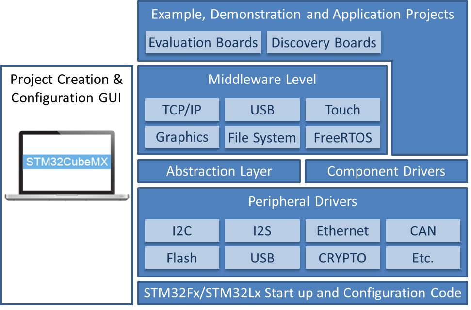 As would be expected, the STM32Cube embedded software is structured into a set of layers of increasing abstraction: Start up code and low level hardware interfaces are found in the bottom layer, and pre-configured examples are found in the top layer - with peripheral drivers, component drivers and middleware found in the layers in between. Each layer uses the interfaces provided by the layer below it - with the abstraction layer ensuring portability across STM32 ARM Cortex-M device families.
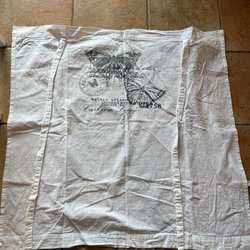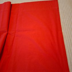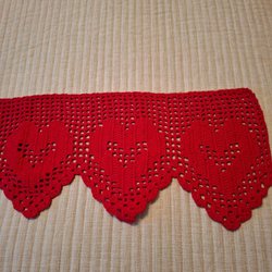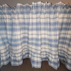 Gardinkappa i bomullschintz som är 3 meter och 44 cm lång och 77 cm hög med upphängning för fingerkrokar.
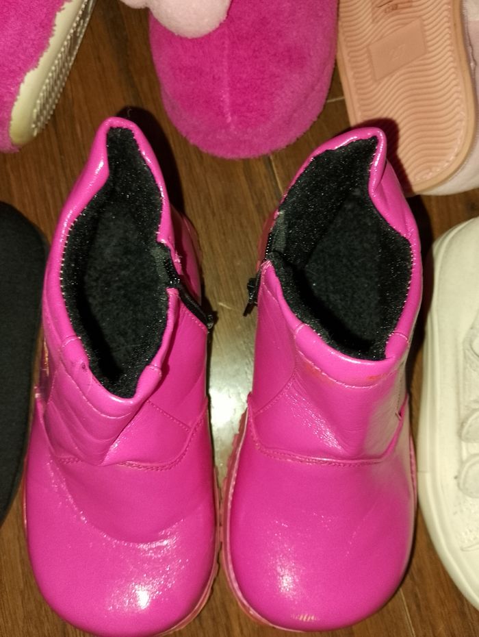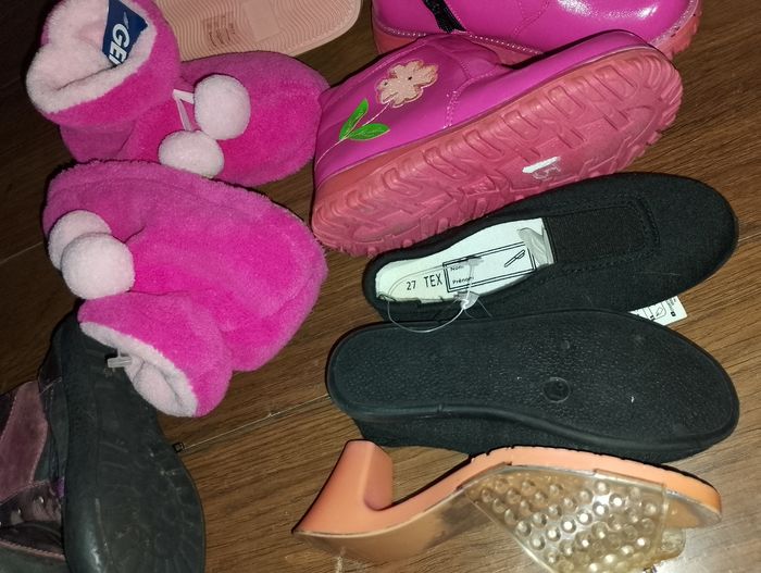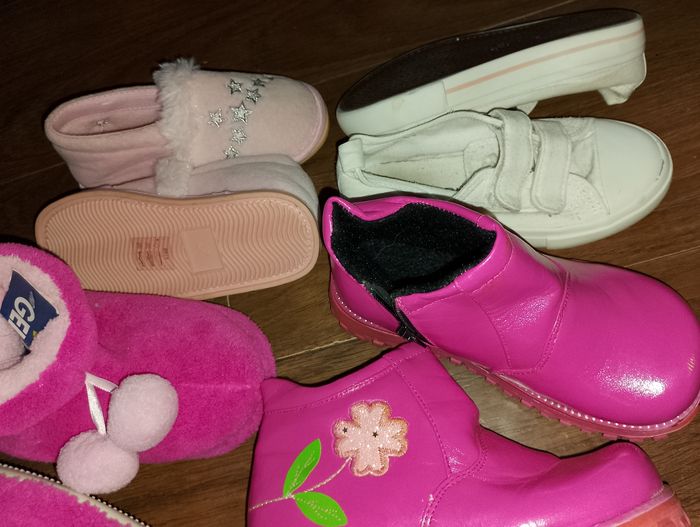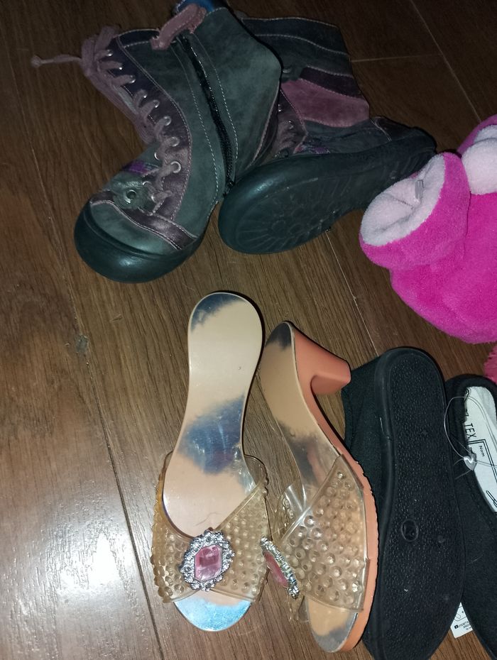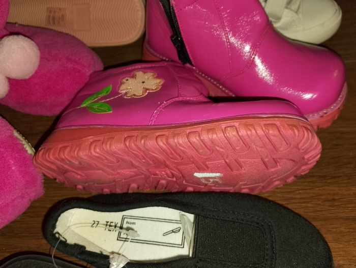 Divers chaussures p.27 ## différents prix ## Pointure 27 Botte multicolores 12€ 2 paires de Pantoufles neuve Gemo 12€ pièce Chaussure de princesse 8€ Ballerine noir neuve Tex 12€ Bottine rose intérieur fourré avec fermeture éclair (27/28) 18€ Chaussure blanche plate en toile Primark a scratch 12€
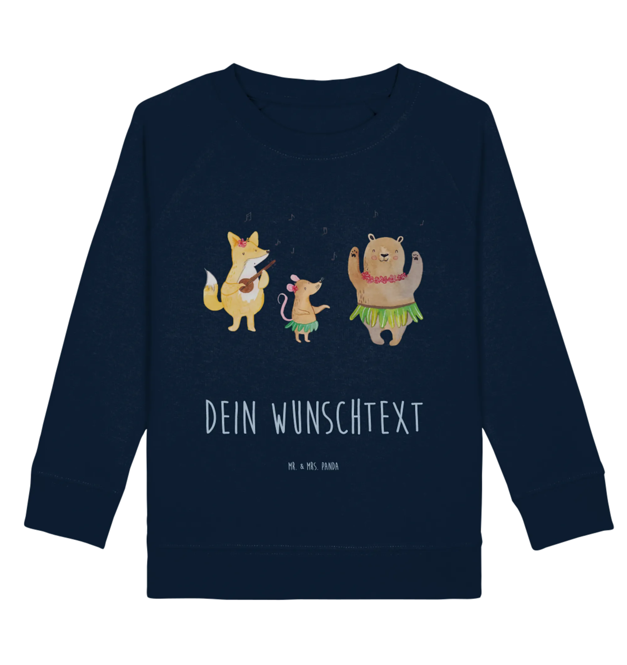 Familie, Freunde und Bekannte werden die kreative Idee hinter diesem lustigen Pullover schätzen und die fröhlichen Motive sorgen für Gesprächsstoff und Lächeln. Mache deinem Kind eine Freude und wähle den personalisierten Kinder Pullover "Waldtiere Aloha" von Mr. & Mrs. Panda – weil Lachen das schönste Geschenk ist!
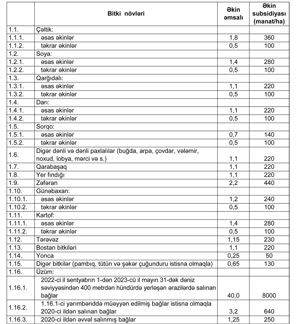 Qərara əsasən, baza məbləği 200 manat olmaqla 2023-cü ildə əkin əmsalları və əkin subsidiyasının məbləği kənd təsərrüfatı bitkiləri üzrə aşağıdakı kimi müəyyən olunub:
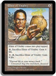 Elixir of Vitality comes into play tapped. <T,Sacrifice Elixir of Vitality>: Gain 4 life. <8,T, Sacrifice Elixir of Vitality>: Gain 8 life.

TASK DIRECTIONS: Begin with the first line of the records and repeat every line up to the one with "Divers chaussures p.27", counting that line too. Pictures are not part of the copy.

OUTPUT OF THE TASK:
 As would be expected, the STM32Cube embedded software is structured into a set of layers of increasing abstraction: Start up code and low level hardware interfaces are found in the bottom layer, and pre-configured examples are found in the top layer - with peripheral drivers, component drivers and middleware found in the layers in between. Each layer uses the interfaces provided by the layer below it - with the abstraction layer ensuring portability across STM32 ARM Cortex-M device families.
 Gardinkappa i bomullschintz som är 3 meter och 44 cm lång och 77 cm hög med upphängning för fingerkrokar.
 Divers chaussures p.27 ## différents prix ## Pointure 27 Botte multicolores 12€ 2 paires de Pantoufles neuve Gemo 12€ pièce Chaussure de princesse 8€ Ballerine noir neuve Tex 12€ Bottine rose intérieur fourré avec fermeture éclair (27/28) 18€ Chaussure blanche plate en toile Primark a scratch 12€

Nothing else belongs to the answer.